Horse racing has its flagship events, the one racing fans pin their calendars around. Royal Ascot brings the glamour, Epsom the heritage, Cheltenham the drama of the Gold Cup.
Newmarket might be a well-known name, but it lacks the prestige of some of racing’s greatest weeks.
But the Newmarket July festival is one of racing’s most exciting events across Britain and Ireland. It’s three days of Group 1 flat racing with a more relaxed dress code than many prestigious, and a more relaxed atmosphere, but with excitement that rivals all the biggest races of the flat season.
Here’s your guide to Newmarket, and what you need to know before you start placing any bets. You can also use a William Hill promo code to bet on the big races, but first you need to understand the Newmarket track.
Newmarket: the home of British flat racing
Newmarket is not simply a racecourse. It is a town that exists to serve the sport, home to roughly 3,000 horses in training, the National Stud, and Tattersalls, the most significant bloodstock auction house in Britain. The Jockey Club was founded here, making it the place where the rules of British racing were effectively written.
There are two distinct courses. The Rowley Mile operates in spring and autumn, hosting the Classics in May. It is a wide, galloping track with the famous Dip in the final furlong, demanding and unforgiving, the kind of finish that can seriously expose horses who don’t have enough in the tank.
Set on the open Heath with an undulating straight and a sharp rise in the closing furlong, the July Course has a looser, more informal feel. Locals walk the perimeter. Morning gallops on the Heath are open to watch. No other venue in British racing puts the reality of the sport so visibly in front of you.
The July Festival Races previewed
The July Festival runs Thursday to Saturday, each day anchored by a headline race.

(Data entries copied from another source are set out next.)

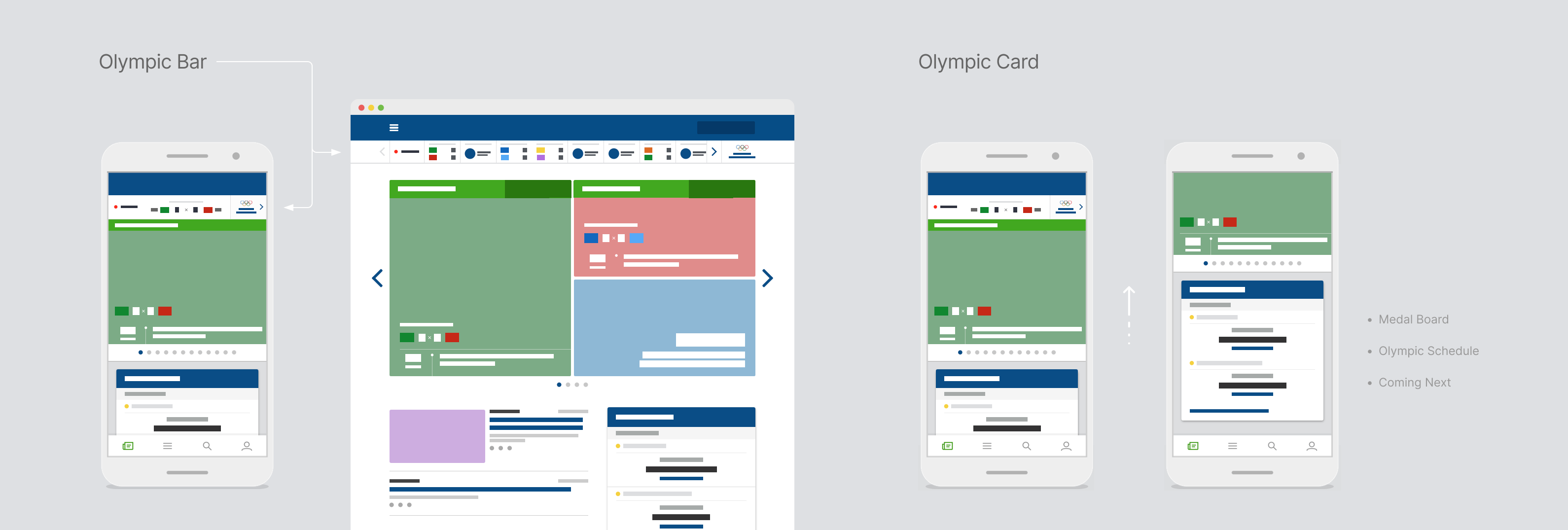 To bring consistency and reinforce navigation through those different contents, we proposed two components. The first one was the Olympic Bar. Based on a former component for breaking news, it had a privileged position, it could be implemented in the external pages, and it reinforced the Olympic branding. The other component was the Olympic Card. Like the bar, it used the same product card structure, and we planned it to display the Medal Board, the Olympic Schedule, and Coming Next highlights.
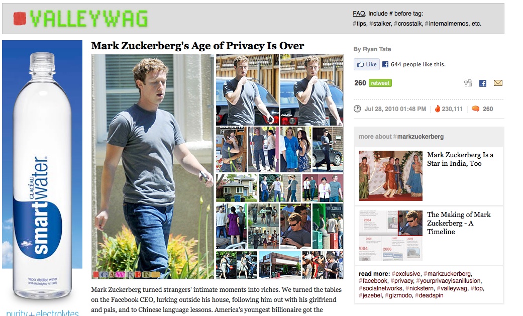 Of course, much of the above is bullshit speculation, but the result is the same: on Wednesday, under a “Gawker Exclusive” banner, and the headline, “Mark Zuckerberg’s Age of Privacy Is Over” Tate published twenty candid photos, clearly identifying Zuckerberg’s home, his girlfriend, his friends and his regular haunts. In “justification”, Tate wrote…
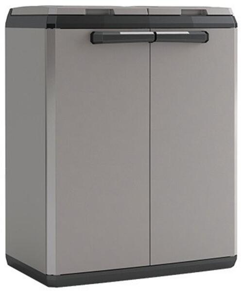 KETER SPLIT CABINET BASIC műanyag szelektív hulladéktároló - szürke A műanyagból készült szelektív hulladéktároló szekrény elülső ajtókkal van felszerelve a hulladék könnyű kezelése érdekében. A termék könnyen karbantartható. Paraméterek: teljes súly 6 kg anyag műanyag szín szürke termék magassága 85 cm termék szélessége 68 cm termék hossza 39 cm csomagolóany

Thursday’s feature is the Princess of Wales’s Stakes, a Group 2 over a mile and four furlongs. Many trainers use it as a prep for the King George at Ascot later in July. Horses clearly aimed at a bigger target can be opposed.
Friday’s spotlight falls on the Tattersalls Falmouth Stakes, a Group 1 mile race for fillies and mares. Three-year-olds take on older horses, Ascot form carries across cleanly. Runners from the Coronation Stakes are a consistent source of winners and the logical place to start when building a shortlist.
Saturday belongs to the July Cup, where the European sprint picture gets properly defined. Run over six furlongs since 1876, it has held Group 1 status since 1978 and produced a long line of European champion sprinters.
The trends are worth knowing before you bet: 11 of the last 12 winners were aged three or four, nine of the 12 had previous course experience, and four ran in the Commonwealth Cup at Royal Ascot on their previous start. The 2025 renewal was won at 66-1 by No Half Measures, a timely reminder that the July Cup bites.
The July Course is one of the more accessible venues on the circuit. The dress code is relaxed, with no formal requirements. Coming directly after Royal Ascot, it picks up the momentum of the summer’s biggest meeting without any of the formality. For a punter after clear form and well-defined race patterns, it is one of the most straightforward festivals on the calendar.